▶ Work order: Look for the word "This" in the entries and copy every line where it shows up.

▶ Recorded data:
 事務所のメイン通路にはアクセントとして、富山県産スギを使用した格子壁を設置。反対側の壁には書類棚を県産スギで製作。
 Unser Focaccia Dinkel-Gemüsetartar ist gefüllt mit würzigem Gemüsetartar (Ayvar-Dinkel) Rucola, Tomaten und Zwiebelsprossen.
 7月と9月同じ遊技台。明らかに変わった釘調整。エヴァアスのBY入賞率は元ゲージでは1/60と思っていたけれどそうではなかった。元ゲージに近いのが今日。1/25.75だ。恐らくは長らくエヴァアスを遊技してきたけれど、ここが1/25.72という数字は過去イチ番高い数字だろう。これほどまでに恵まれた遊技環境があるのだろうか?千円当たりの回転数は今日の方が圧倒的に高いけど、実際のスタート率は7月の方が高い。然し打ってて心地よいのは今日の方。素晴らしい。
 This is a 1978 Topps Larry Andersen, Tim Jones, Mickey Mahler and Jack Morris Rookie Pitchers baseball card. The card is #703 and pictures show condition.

...

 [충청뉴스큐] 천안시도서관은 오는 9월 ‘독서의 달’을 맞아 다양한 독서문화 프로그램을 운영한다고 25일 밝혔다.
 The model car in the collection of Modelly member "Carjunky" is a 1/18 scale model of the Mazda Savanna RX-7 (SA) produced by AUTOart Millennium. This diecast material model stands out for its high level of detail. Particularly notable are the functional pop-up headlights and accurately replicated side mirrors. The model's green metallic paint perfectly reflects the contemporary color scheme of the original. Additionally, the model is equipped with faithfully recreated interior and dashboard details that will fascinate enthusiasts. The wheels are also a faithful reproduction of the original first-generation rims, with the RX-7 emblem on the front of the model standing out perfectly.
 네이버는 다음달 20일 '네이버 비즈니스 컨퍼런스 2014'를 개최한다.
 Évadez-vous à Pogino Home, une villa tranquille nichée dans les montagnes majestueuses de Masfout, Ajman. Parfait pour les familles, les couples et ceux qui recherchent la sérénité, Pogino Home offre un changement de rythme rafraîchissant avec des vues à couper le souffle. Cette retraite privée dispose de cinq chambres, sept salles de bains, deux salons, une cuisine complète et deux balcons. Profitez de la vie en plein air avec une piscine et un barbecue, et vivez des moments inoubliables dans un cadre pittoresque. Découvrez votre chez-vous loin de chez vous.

▶ Reply to the task:
 This is a 1978 Topps Larry Andersen, Tim Jones, Mickey Mahler and Jack Morris Rookie Pitchers baseball card. The card is #703 and pictures show condition.
 The model car in the collection of Modelly member "Carjunky" is a 1/18 scale model of the Mazda Savanna RX-7 (SA) produced by AUTOart Millennium. This diecast material model stands out for its high level of detail. Particularly notable are the functional pop-up headlights and accurately replicated side mirrors. The model's green metallic paint perfectly reflects the contemporary color scheme of the original. Additionally, the model is equipped with faithfully recreated interior and dashboard details that will fascinate enthusiasts. The wheels are also a faithful reproduction of the original first-generation rims, with the RX-7 emblem on the front of the model standing out perfectly.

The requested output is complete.